→ **WHAT THE EXERCISE ASKS**: After finding the line containing "9月27日上午,材料学院党委" below, please output that line and each following one through the line containing "Trong kỳ Bố-tát", exactly as written.

→ **INFORMATION PROVIDED**:
____________________

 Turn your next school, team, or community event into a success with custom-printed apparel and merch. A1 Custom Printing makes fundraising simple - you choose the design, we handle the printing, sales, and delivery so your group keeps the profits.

____________________

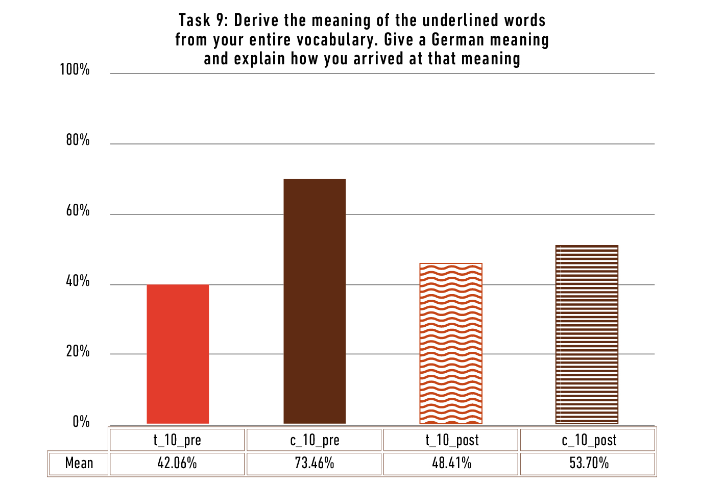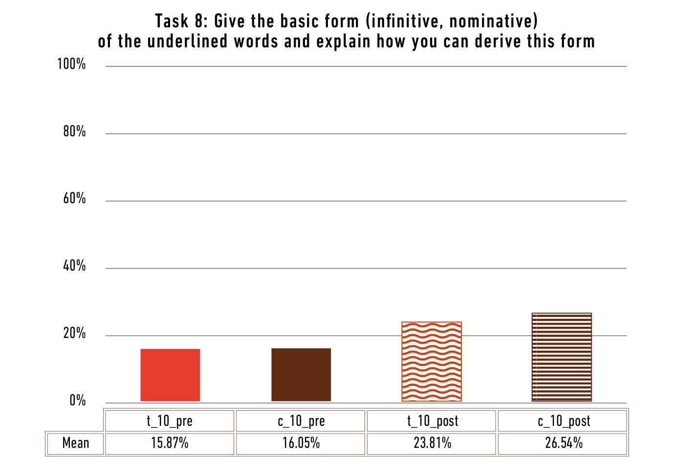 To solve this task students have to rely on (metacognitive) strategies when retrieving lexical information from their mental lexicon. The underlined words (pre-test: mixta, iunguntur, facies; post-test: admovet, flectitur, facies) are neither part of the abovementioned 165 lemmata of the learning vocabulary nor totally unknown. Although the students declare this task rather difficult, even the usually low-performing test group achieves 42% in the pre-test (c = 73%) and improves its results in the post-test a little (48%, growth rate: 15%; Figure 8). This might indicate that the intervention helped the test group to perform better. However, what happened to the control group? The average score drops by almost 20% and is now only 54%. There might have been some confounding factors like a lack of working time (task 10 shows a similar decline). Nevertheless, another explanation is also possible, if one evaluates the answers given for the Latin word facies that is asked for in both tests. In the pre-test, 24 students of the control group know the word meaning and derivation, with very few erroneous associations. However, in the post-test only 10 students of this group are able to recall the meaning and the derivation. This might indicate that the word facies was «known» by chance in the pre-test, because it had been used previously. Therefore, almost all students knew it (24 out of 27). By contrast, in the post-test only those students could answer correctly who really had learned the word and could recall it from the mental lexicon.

____________________

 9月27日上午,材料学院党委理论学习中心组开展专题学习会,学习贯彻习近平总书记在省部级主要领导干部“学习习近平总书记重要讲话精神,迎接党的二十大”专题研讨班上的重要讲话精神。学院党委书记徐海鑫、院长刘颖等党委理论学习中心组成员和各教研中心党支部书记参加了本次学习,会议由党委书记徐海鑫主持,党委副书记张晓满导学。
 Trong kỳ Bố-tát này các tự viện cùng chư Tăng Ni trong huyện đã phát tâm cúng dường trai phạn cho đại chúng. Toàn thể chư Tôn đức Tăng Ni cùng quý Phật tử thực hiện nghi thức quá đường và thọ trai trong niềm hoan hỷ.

____________________

→ **WRITTEN SOLUTION**:
 9月27日上午,材料学院党委理论学习中心组开展专题学习会,学习贯彻习近平总书记在省部级主要领导干部“学习习近平总书记重要讲话精神,迎接党的二十大”专题研讨班上的重要讲话精神。学院党委书记徐海鑫、院长刘颖等党委理论学习中心组成员和各教研中心党支部书记参加了本次学习,会议由党委书记徐海鑫主持,党委副书记张晓满导学。
 Trong kỳ Bố-tát này các tự viện cùng chư Tăng Ni trong huyện đã phát tâm cúng dường trai phạn cho đại chúng. Toàn thể chư Tôn đức Tăng Ni cùng quý Phật tử thực hiện nghi thức quá đường và thọ trai trong niềm hoan hỷ.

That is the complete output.